What is required |
From the line that holds "Professioneller Schaber zum" down to the last line of the listing below, transcribe exactly and only those lines. Leave pictures out.

Dataset excerpt |
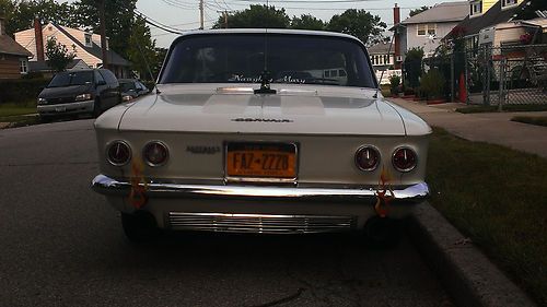 You are bidding on a 1963 corvair coupe monza 900.It has 24000 original miles bought in franklin square NY and has never left town.I bought this car for an man in town in his 70s dont know if he was the original owner.It needed a tun of work.Lets start with the motor ,new carbs, exaust dual off a 2013 victory high ball motorcycle flaired into the body ,points ,condencor,wires, cap ,rotor ,plugs, belt, gas sending unit ,break line from front to back,.valve cover gaskets, oil pan gasket, push rod tube seals ,valve ajustment ,1962 impala antennas that work, cb cd sterio ipod ready, fog lights, tires are white walls in good condition, the rims are powder coated white, wheel skirts, breezes, a visor modifided to fit from a 1959 chevy pick up, trunk pan ,floor pans ,new customcrazy carpet, A custom paint job on the front end done by the Outer limits art studio in franklin Square NY.The inerior is intact but needs work will send pics upon request. tinted windows 35%.There is some rust on the drivers door that need looking after and by the passenger back windshield. But over aklthe car is solid.Ive been using it as my ever day car but its time for it to go. I dont have anywhere to keep over the winter and it diserves to be garaged.Please e-mail me with any questions or call 516 652 5139 Bob Thanks for looking
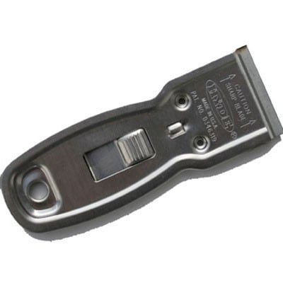 Professioneller Schaber zum Entfernen von groben Schmutzpartikeln und Folienresten von Glasflächen, ausgestattet mit einer 4 cm breiten Klinge.
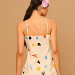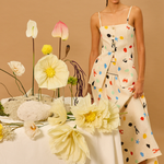 100% linen. Strapless, sleeveless, buttoned, long, vest. The model is wearing size XS.
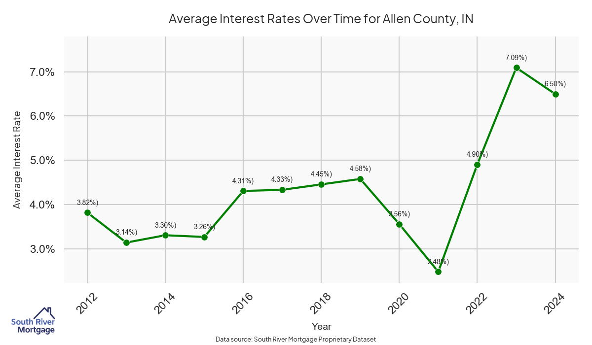 There are approximately 152 active reverse mortgage loans in Allen County. The average interest rate in Allen County is 7.64% for reverse mortgages. The average maximum claim amount (the lesser of the appraisal or lending limit), among reverse mortgage borrowers, in Allen County was $255,476.19 in 2024.

Solution for this task |
 Professioneller Schaber zum Entfernen von groben Schmutzpartikeln und Folienresten von Glasflächen, ausgestattet mit einer 4 cm breiten Klinge.
 100% linen. Strapless, sleeveless, buttoned, long, vest. The model is wearing size XS.
 There are approximately 152 active reverse mortgage loans in Allen County. The average interest rate in Allen County is 7.64% for reverse mortgages. The average maximum claim amount (the lesser of the appraisal or lending limit), among reverse mortgage borrowers, in Allen County was $255,476.19 in 2024.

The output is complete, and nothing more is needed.